By the 1950s, his political views had changed dramatically, and he had become more conservative. In the 1960s, he campaigned for presidential candidates Barry Goldwater and Richard M. Nixon.
Views
Quotations:
"People don't choose their careers; they are engulfed by them. "
"What is the use being a big man if you are wrong?"
"Love is cheap. You can buy it anywhere. Lives are cheap. It's money that's dear. You have to work days and sit up nights thinking how to make money. "
"The mind cannot support moral chaos for long. Men are under as strong a compulsion to invent an ethical setting for their behavior as spiders are to weave themselves webs. "
"Apathy is one of the characteristic responses of any living organism when it is subjected to stimuli too intense or too complicated to cope with. The cure for apathy is comprehension. "
"Breaking with old friends is one of the most painful of the changes in all that piling up of a multitude of small distasteful changes that constitutes growing older. "
"The creation of a world view is the work of a generation rather than of an individual, but we each of us, for better or for worse, add our brick to the edifice. "

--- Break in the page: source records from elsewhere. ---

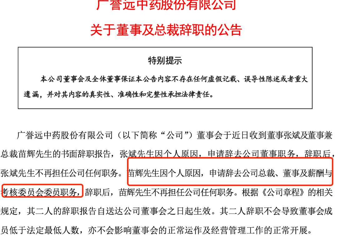 早在2022年7月,苗辉离开振东制药加入广誉远,担任公司副总裁一职,后又升任为总裁。2024年4月9日,苗辉申请辞去了公司总裁、董事及薪酬与考核委员会委员的职务,辞职后不再担任公司任何职务。
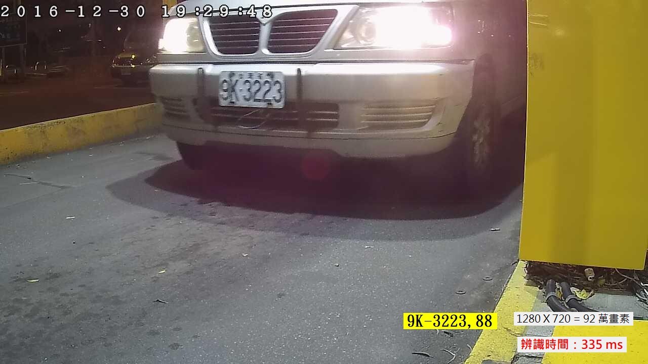 所以我毫不猶豫就會使用CNN的技術概念,在這四個字的前後地毯式搜索有沒有很像英數字的目標!這其實並不困難,因為從已辨識到的四個數字,我知道這張車牌的字元應該多大,傾斜變形的狀態也應該跟這四個已辨識的字元一樣,所以並不會像一般CNN毫無前提下的全圖搜索那麼耗時,如下圖所示不過大約0.3秒而已!
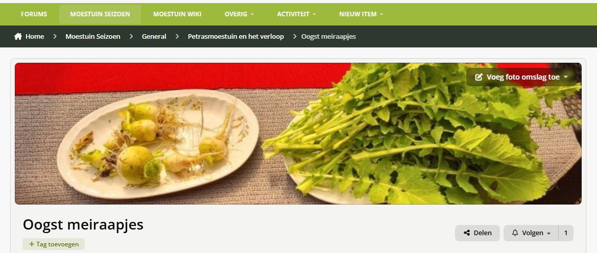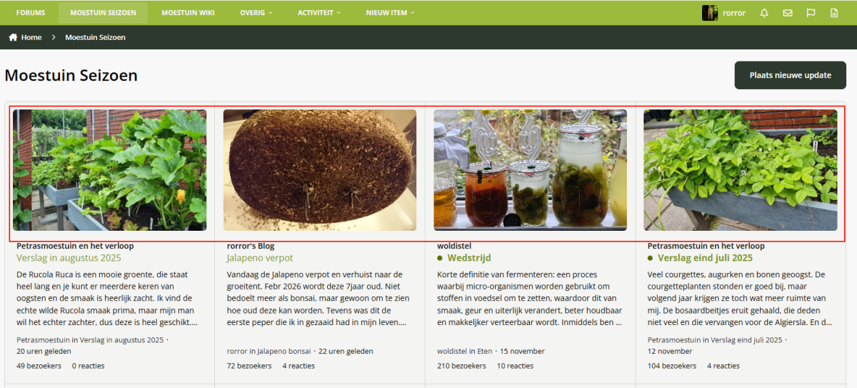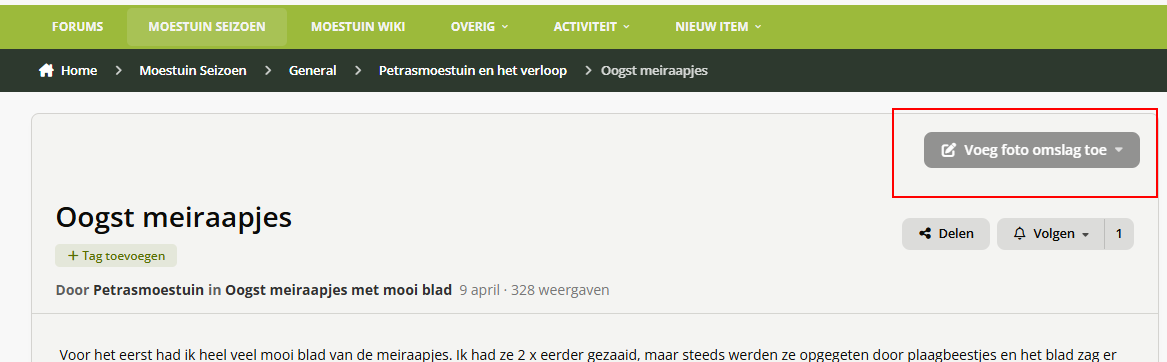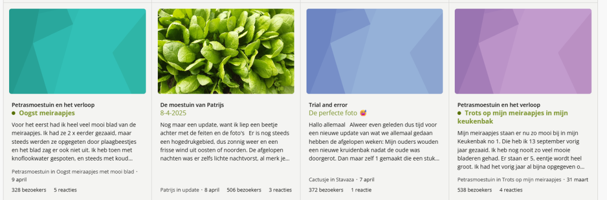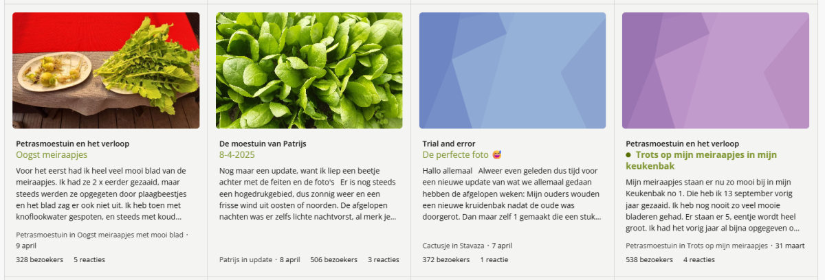 25. Hoe kan ik een omslag/cover foto toevoegen bij mijn moestuinseizoen. Als er een nieuwe moestuinseizoen (blog) aangemaakt, kan je onderaan een omslag foto toevoegen: Als je een bestaand moestuinseizoen wilt wijzigen, kun je dit direct op de pagina zelf doen. Klik dan op de knop "Voeg foto omslag toe". Waarvoor is de omslag foto bedoelt? De foto wordt gebruikt op drie plekken. Boven aan in de blog post zelf: In het overzicht Moestuin Seizoen: Op verschillende pagina's aan de rechterkant van het scherm. Op mobiel is dit op verschillende pagina's helemaal onder aan de pagina. Voorbeeld van geen foto omslag in een overzicht; Na het toevoegen van een foto omslag: Wat als ik geen omslag foto toegevoeg? Dan kan het zijn dat een moderator een foto van jouw moestuinseizoens post gebruikt om deze toe te voegen. We doen dit om te zorgen dat er een foto wordt weergeven in de verschillende overzichten. Zie kopje hierboven 'Waarvoor is de omslag foto bedoelt?"
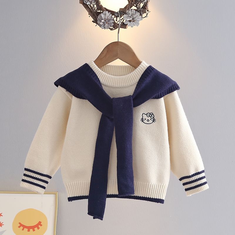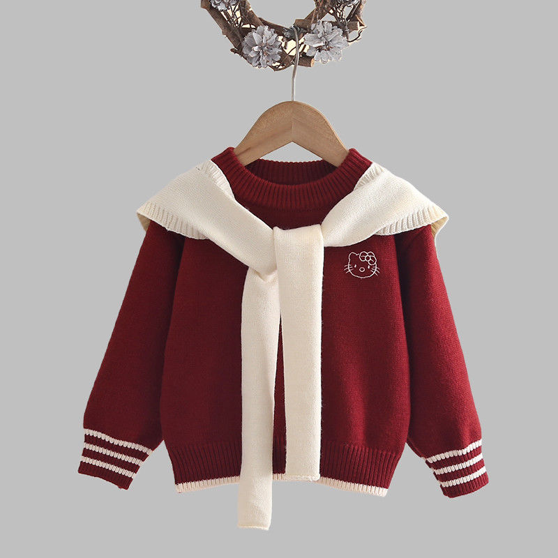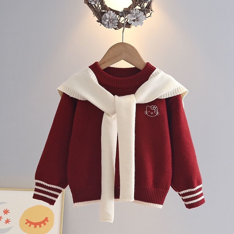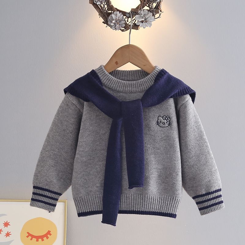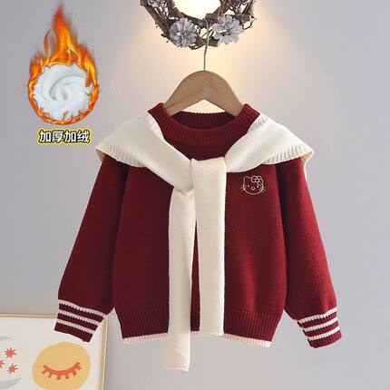 女童披肩毛衣秋冬装2025新款儿童洋气时髦女孩加绒套头打底针织衫

"If I were sufficiently romantic I suppose I'd have killed myself long ago just to make people talk about me. I haven't even got the conviction to make a successful drunkard. "
"A satirist is a man whose flesh creeps so at the ugly and the savage and the incongruous aspects of society that he has to express them as brutally and nakedly as possible in order to get relief. "
"If there is a special Hell for writers it would be in the forced contemplation of their own works. "
Membership
In 1947, he was elected to the American Academy of Arts and Letters.
Personality
In a 1947 auto accident Dos Passos lost an eye.
Interests
Before becoming a leading novelist of his day, John Dos Passos sketched and painted. During the summer of 1922, he studied at Hamilton Easter Field's art colony in Ogunquit, Maine. Many of his books published during the ensuing ten years used jackets and illustrations that Dos Passos created. Influenced by various movements, he merged elements of Impressionism, Expressionism, and Cubism to create his own unique style. And his work evolved with his first exhibition at New York's National Arts Club in 1922 and the following year at Gertrude Vanderbilt Whitney's Studio Club in New York City.
While Dos Passos never gained recognition as a great artist, he continued to paint throughout his lifetime and his body of work was well respected. His art most often reflected his travels in Spain, Mexico, North Africa, plus the streets and cafés of the Montparnasse Quarter of Paris that he had frequented with good friends Fernand Léger, Ernest Hemingway, Blaise Cendrars, and others.
Between 1925 and 1927, Dos Passos wrote plays as well as created posters and set designs for the New Playwrights Theatre in New York City. In his later years, his attention turned to painting scenes around his residences in Maine and Virginia.
In early 2001, an exhibition titled The Art of John Dos Passos opened at the Queens Borough Library in New York City. It toured to several locations throughout the United States.
Connections
An automobile accident killed his wife of 18 years, Katharine Smith, and cost him the sight in one eye. The couple had no children. Dos Passos married Elizabeth Hamlyn Holdridge (1909–1998) in 1949, by whom he had one daughter, Lucy Hamlin Dos Passos (b. 1950).